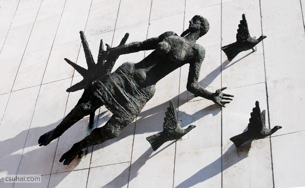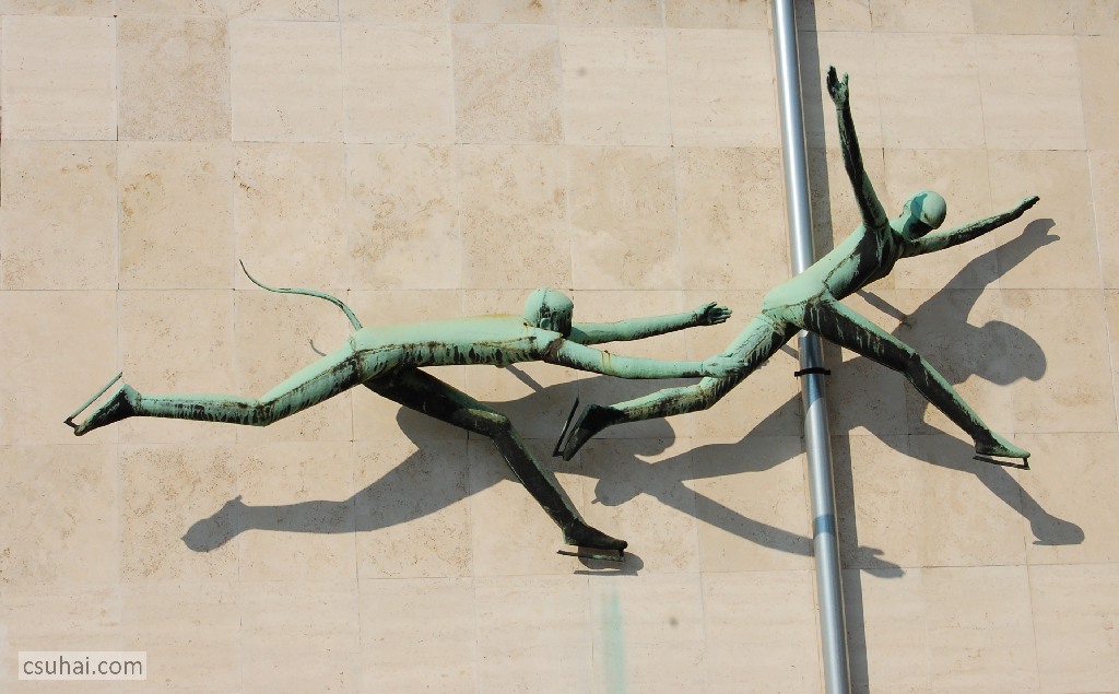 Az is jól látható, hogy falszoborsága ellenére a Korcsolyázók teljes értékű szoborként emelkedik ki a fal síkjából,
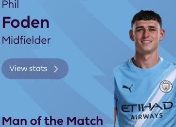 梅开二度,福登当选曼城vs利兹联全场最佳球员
——
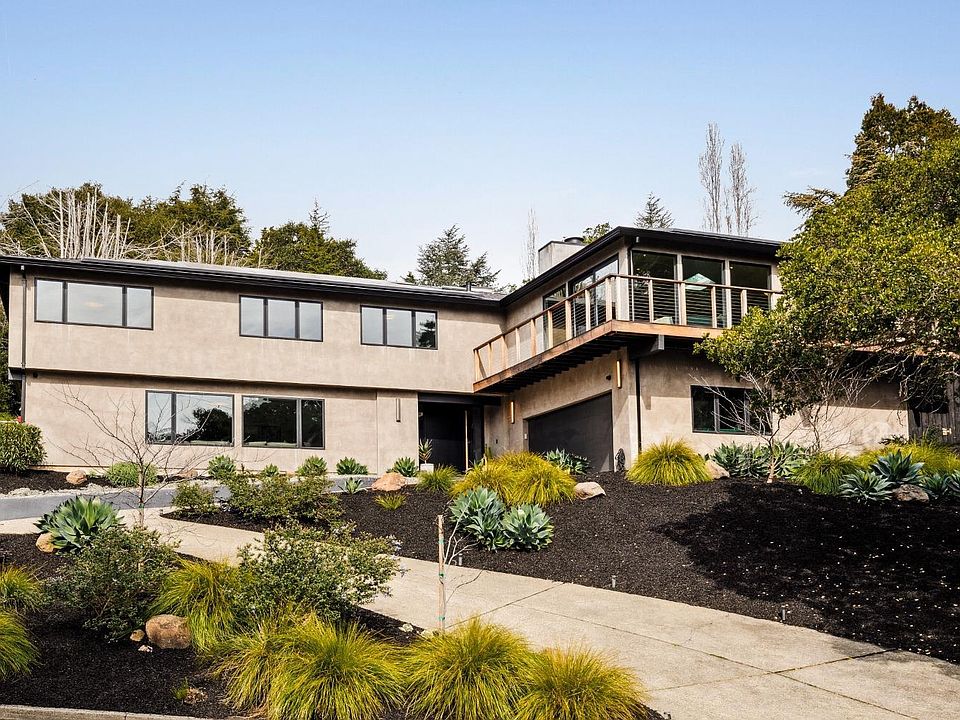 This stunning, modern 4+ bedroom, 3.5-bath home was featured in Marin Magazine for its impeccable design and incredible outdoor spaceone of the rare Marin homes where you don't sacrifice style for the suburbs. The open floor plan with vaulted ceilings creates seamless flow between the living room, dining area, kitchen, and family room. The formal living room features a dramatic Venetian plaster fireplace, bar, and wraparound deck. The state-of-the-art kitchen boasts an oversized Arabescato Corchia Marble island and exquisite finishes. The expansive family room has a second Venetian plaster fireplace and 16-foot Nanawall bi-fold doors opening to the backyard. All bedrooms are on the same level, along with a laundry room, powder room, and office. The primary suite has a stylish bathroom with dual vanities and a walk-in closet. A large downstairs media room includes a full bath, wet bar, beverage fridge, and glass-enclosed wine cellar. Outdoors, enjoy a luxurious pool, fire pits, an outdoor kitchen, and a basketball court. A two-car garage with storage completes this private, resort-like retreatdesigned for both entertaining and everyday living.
——
# Required action:
Using the data above, copy exactly the lines from the one containing "Az is jól látható, hogy" to the one containing "梅开二度,福登当选曼城vs利兹联全场最佳球员", inclusive. Exclude the pictures.

# Output for this exercise:
 Az is jól látható, hogy falszoborsága ellenére a Korcsolyázók teljes értékű szoborként emelkedik ki a fal síkjából,
 梅开二度,福登当选曼城vs利兹联全场最佳球员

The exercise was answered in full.